Biotechnology Laboratory

In the Biotechnology Laboratory, we deal with the Streptomyces – an interesting group of bacteria with a complex life cycle, a morphology reminiscent of filamentous fungi and impressive abilities to biosynthesise secondary metabolites, which include antibiotics, anticancer compounds, immunosuppressants and many other biologically active compounds. The genome of a single Streptomyces strain can contain up to dozens of assemblies (clusters) of secondary metabolite biosynthesis genes, most of which are not expressed under laboratory conditions. We are particularly interested in the molecular basis of secondary metabolism regulation. Exploring the network of connections between different pathways is aimed at increasing the efficiency of production of valuable compounds, as well as activating the expression of ‘dormant’ biosynthetic clusters and searching for new compounds with application potential. In addition, we participate in interdisciplinary research involving innovative solutions for antimicrobial photodynamic therapy.
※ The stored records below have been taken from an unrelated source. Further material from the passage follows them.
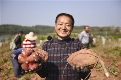 10月12日,南谯区黄泥岗镇张浦郢村村民正在收获红薯。目前,该村7000多亩红薯进入收获季。村里通过红薯经纪人,将当地的优质红薯销往上海、南京等大城市,每亩可以为农户增加3000多元的纯收入,成为农民增收致富的新亮点。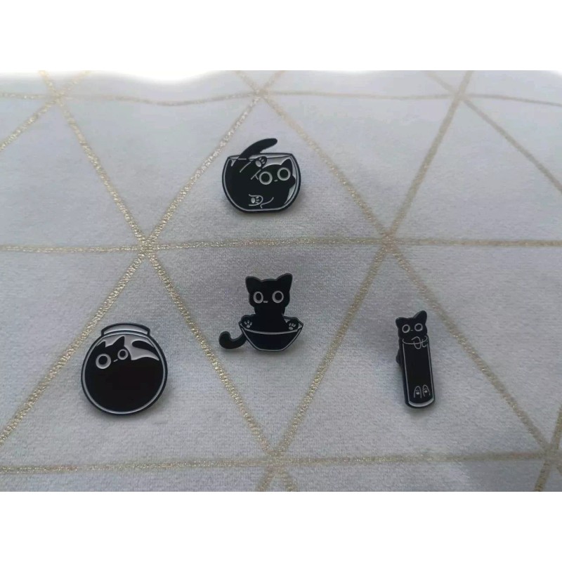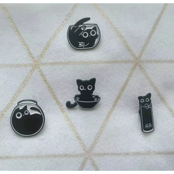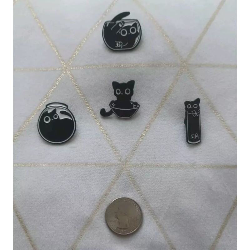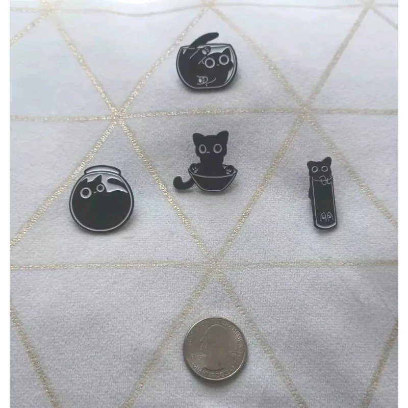 "Liquid Black Cat Set Nr. 1" x4 Pin Set (Artistic Black/White) "Brand New ".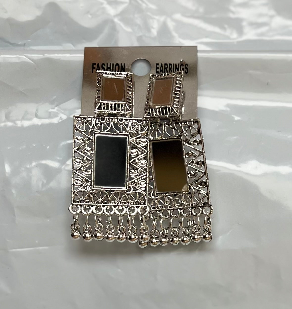 Oxidised Silver Stylish Mirror Earrings Chandbali Earring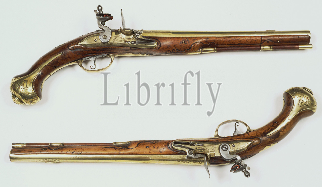 Flint gun with battery lock, Gun belongs to torque. Loop: Steel loop, which is covered with a brass mantle. The front, round, part of the barrel, merges with the room into a five-sided section. Brass oblong grain. Over the entire length of the barrel there is a band that widens towards the rear. On the left side of the room an embossed mark (G). Engraved line and geometric motifs around the visor grain, on the strap at the top of the barrel, on the chamber and the tailpiece. Lock: Battery lock: The flat lock plate made of brass is flattened at the top and bottom. The pan is made of brass and has facets. The rooster is flattened on the outside. The top of the pawn cover and the front of the stop face have facets. On the lock plate engraved with line and saw-tooth motifs the signature: A. STREIGNARD. The lock is attached with two bolts. Wood: Walnut: carved at the rear loading stick carrier and behind the tail piece with stylized leaf motifs. Fittings: Brass: flat, one-piece, counter-lock plate, engraved with geometric motifs and stylized leafwork, loading stick carriers with narrow profile edges and facets, thumb plate in the shape of an inverted pear-shaped cartouche, engraved with stylized leafwork and above which a crown-shaped leaf motif, flat trigger guard, the sides of which are obliquely flattened and end in front in a stylized sheet metal, butt button in the form of a monster head., A. Streignard, West-Europa, c. 1770 - c. 1780, lade, kolf, haan, vuurstaal, kolfkap, trekkerbeugel, beslag, engraving, l 49 cm l 32 cm d 15 mm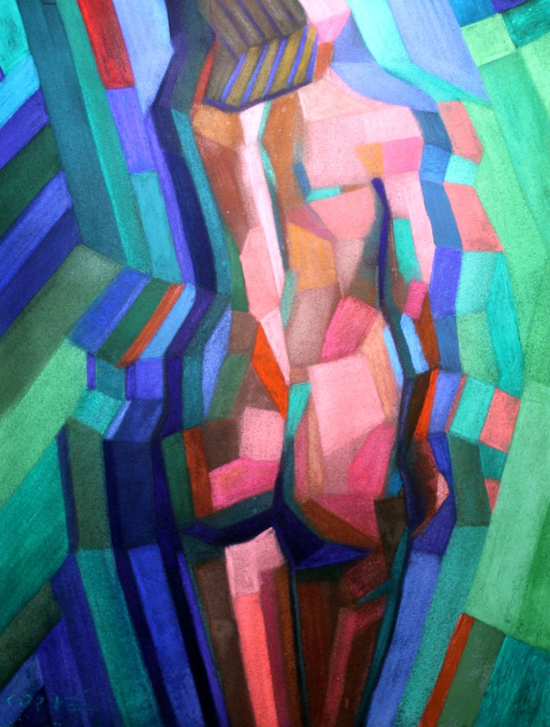 Kubistisch naakt, pastel op Hahnemühle velours-papier, niet-ingelijst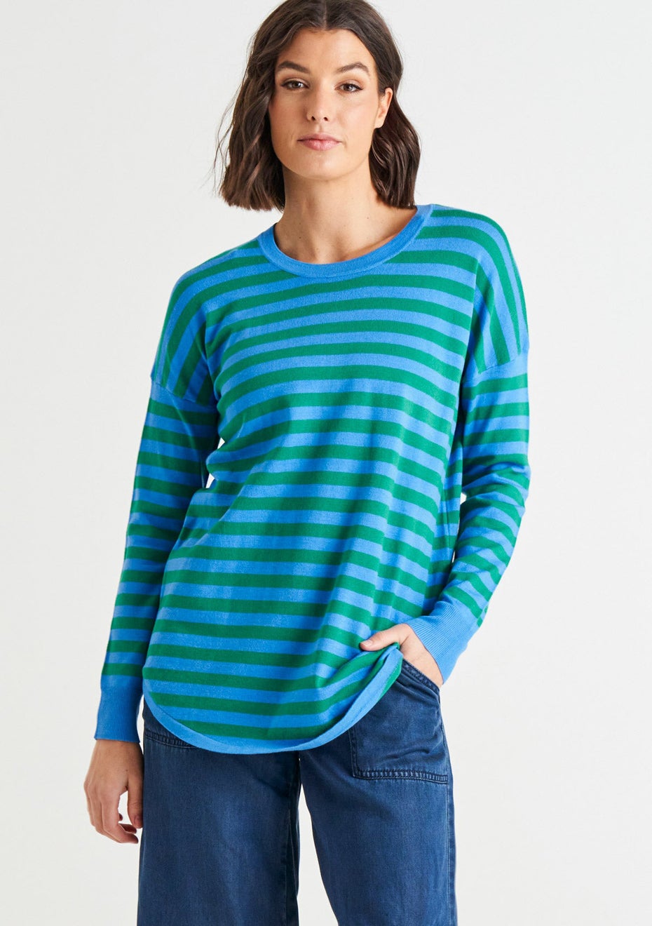 Betty Basics - Sophie Knit Jumper - Green/Blue Stripe

In collaboration with the Wrocław University of Technology, EcoleNormale de Lyon and the University of St Andrews, we are focusing on understanding the molecular mechanisms of photoinactivation of pathogens and searching for and learning about the properties of new photosensitive compounds.  

Research themes pursued:

Influence of intercellular communication via so-called bacterial hormones on the secondary metabolism of Streptomycescoelicolor A3(2) bacteria

Application of antimicrobial photodynamic inactivation in the control of bacterial skin infections.

Contact

Laboratory Head

Laboratory Head: Dr Krzysztof Pawlik, Professor at the Institute (0000-0002-5881-9292)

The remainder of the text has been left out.